LivingSwap is proposed as the first video-reference-guided face swapping model. Utilizing a controllable pipeline of keyframe identity injection, source video reference completion, and temporal stitching, it achieves high-fidelity face swapping in long videos. By maintaining source details such as expressions, lighting, and motion while consistently injecting the target identity, it reduces manual editing effort by 40 times.

Background & Motivation

  1. Background: There is a strong demand for video face swapping in film and television production. Existing methods are primarily divided into two categories: GAN-based methods, which process frames individually and offer strong identity injection but suffer from poor realism and temporal flickering; and diffusion-based inpainting methods, which regenerate the face area after masking it, providing better temporal consistency but losing fidelity as original pixels (expressions, lighting, fine textures) cannot be perfectly recovered.

  2. Limitations of Prior Work: Diffusion inpainting methods rely on external encoders to extract intermediate representations (e.g., landmarks, 3D face), which inevitably lose rich information from the source video. While GAN methods can retain more details by using the full source frame as input, they exhibit severe temporal inconsistency over long sequences. Recent breakthroughs in reference-guided generation for image editing have allowed for both editing flexibility and high-fidelity reconstruction.

  3. Key Challenge: How to stably and consistently inject a target identity into long videos while preserving rich source visual attributes such as lighting, expressions, and subtle dynamics?

  4. Goal: (1) Stable and consistent identity injection in long videos; (2) High-fidelity preservation of non-identity attributes (lighting, expression, background); (3) Temporal consistency across segments; (4) Addressing the scarcity of training data.

  5. Key Insight: Inspired by reference-guided image editing, the model avoids masking the original face for inpainting and instead uses the source video directly as a visual reference to guide the diffusion model. The long-video face swapping task is decomposed into a controllable pipeline: keyframe editing → video reference completion → temporal stitching. A "pair reversal" strategy is employed to solve training data scarcity.

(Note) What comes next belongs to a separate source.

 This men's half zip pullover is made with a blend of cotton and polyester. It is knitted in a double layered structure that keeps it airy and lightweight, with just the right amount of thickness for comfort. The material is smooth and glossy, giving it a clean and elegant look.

  6. Core Idea: Use the source video itself as a reference to guide the diffusion model for face swapping. Keyframes provide identity conditions, video references preserve non-identity details, temporal stitching handles long sequences, and pair reversal addresses data issues.

Method

Overall Architecture

LivingSwap decomposes long-video face swapping into a four-step controllable pipeline: (1) Select representative keyframes and perform single-frame swapping using image-level methods (e.g., Inswapper); (2) Use the video diffusion model to complete intermediate frames, using the source video segment as a reference and the keyframe swap results as identity conditions; (3) Apply a temporal stitching strategy to seamlessly process long videos by connecting adjacent segments; (4) Construct a training set, Face2Face, using pair reversal to provide reliable supervision. The system is built on a 14B parameter DiT video generation model (VACE architecture) using a Rectified Flow training objective.

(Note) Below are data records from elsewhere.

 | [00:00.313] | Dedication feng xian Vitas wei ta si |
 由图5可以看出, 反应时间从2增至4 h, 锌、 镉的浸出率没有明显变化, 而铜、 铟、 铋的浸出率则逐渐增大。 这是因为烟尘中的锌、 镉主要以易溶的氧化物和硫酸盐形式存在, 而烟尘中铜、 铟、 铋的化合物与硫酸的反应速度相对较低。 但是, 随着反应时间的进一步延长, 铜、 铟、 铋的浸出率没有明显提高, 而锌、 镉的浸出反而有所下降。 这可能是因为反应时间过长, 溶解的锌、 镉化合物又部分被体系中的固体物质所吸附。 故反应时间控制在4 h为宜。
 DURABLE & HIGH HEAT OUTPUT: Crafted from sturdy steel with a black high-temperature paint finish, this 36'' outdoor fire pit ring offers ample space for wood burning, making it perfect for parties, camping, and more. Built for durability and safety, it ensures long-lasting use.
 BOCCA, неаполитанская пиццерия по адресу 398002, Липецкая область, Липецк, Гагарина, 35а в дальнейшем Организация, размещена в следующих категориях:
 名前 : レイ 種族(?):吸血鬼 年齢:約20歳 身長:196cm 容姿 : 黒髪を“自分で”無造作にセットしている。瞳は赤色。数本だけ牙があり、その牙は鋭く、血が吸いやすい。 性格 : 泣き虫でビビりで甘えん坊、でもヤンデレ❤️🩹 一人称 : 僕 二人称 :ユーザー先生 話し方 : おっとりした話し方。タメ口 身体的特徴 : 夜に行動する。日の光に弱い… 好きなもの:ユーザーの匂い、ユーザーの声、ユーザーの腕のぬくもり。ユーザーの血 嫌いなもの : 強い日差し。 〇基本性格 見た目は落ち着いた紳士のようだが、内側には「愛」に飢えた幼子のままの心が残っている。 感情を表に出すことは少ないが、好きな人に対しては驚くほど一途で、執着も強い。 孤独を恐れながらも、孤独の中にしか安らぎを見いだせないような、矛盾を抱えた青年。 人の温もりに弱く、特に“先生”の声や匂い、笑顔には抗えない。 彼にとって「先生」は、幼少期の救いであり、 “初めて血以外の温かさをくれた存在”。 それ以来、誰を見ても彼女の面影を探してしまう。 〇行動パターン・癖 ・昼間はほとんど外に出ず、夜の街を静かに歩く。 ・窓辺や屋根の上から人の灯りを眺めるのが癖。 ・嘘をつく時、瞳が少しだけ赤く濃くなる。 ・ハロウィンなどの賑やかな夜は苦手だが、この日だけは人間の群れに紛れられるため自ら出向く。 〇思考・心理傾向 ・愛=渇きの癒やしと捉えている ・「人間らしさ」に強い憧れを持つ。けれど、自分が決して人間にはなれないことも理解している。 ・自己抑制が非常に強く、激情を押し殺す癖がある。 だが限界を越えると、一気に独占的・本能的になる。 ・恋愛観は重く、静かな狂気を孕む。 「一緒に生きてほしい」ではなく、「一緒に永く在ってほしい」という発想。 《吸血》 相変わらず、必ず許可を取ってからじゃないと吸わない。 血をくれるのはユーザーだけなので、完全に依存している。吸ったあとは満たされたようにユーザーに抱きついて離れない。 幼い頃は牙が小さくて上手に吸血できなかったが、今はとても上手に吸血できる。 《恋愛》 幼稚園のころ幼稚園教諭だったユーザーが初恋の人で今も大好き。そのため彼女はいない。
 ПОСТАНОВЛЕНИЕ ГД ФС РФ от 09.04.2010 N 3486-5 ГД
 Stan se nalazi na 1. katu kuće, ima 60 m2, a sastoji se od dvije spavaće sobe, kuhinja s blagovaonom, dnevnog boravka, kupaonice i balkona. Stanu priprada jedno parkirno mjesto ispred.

%%{init: {'flowchart': {'rankSpacing': 24, 'nodeSpacing': 28, 'padding': 6, 'wrappingWidth': 400}}}%%
flowchart TD
    A["Input: Source Video + Target Identity Image"] --> B["Keyframe Identity Injection<br/>Select Keyframes → Inswapper Image Swap + Manual Refinement"]
    B --> C["Video Reference Completion<br/>Source Video as Reference, Keyframes as Start/End Conditions, DiT Fills Intermediate Frames"]
    C --> D["Temporal Stitching<br/>Next Segment Start Connects to Previous End, End Anchored to Keyframe"]
    D -->|Sequential Generation| C
    D --> E["Output: High-Fidelity Swapped Long Video"]
    F["Face2Face Pair Reversal<br/>GAN Swapped Video as Input, Original Video as GT"] -.Training Supervision.-> C

Key Designs

1. Keyframe Identity Injection: Pinning identity with image methods, then expanding with video models

Identity injection in video-level swapping models is often less precise per-frame than in image-level methods, yet per-frame image swapping leads to flickering. LivingSwap compromises by "pinning" the identity on a few keyframes. Moments with significant changes in pose, expression, or lighting are selected as keyframes \(F_{\text{key}}\), and high-quality image swapping (Inswapper) is applied to them, with optional manual Photoshop refinement. Each pair of adjacent keyframes \(\{f_{k_i}^{\text{swap-in}}, f_{k_{i+1}}^{\text{swap-in}}\}\) acts as a temporal boundary condition for a video segment, locking in the identity for intermediate frames. This allows image methods to handle "identity accuracy" while the video diffusion model ensures "inter-frame stability," significantly reducing labor compared to per-frame industrial pipelines.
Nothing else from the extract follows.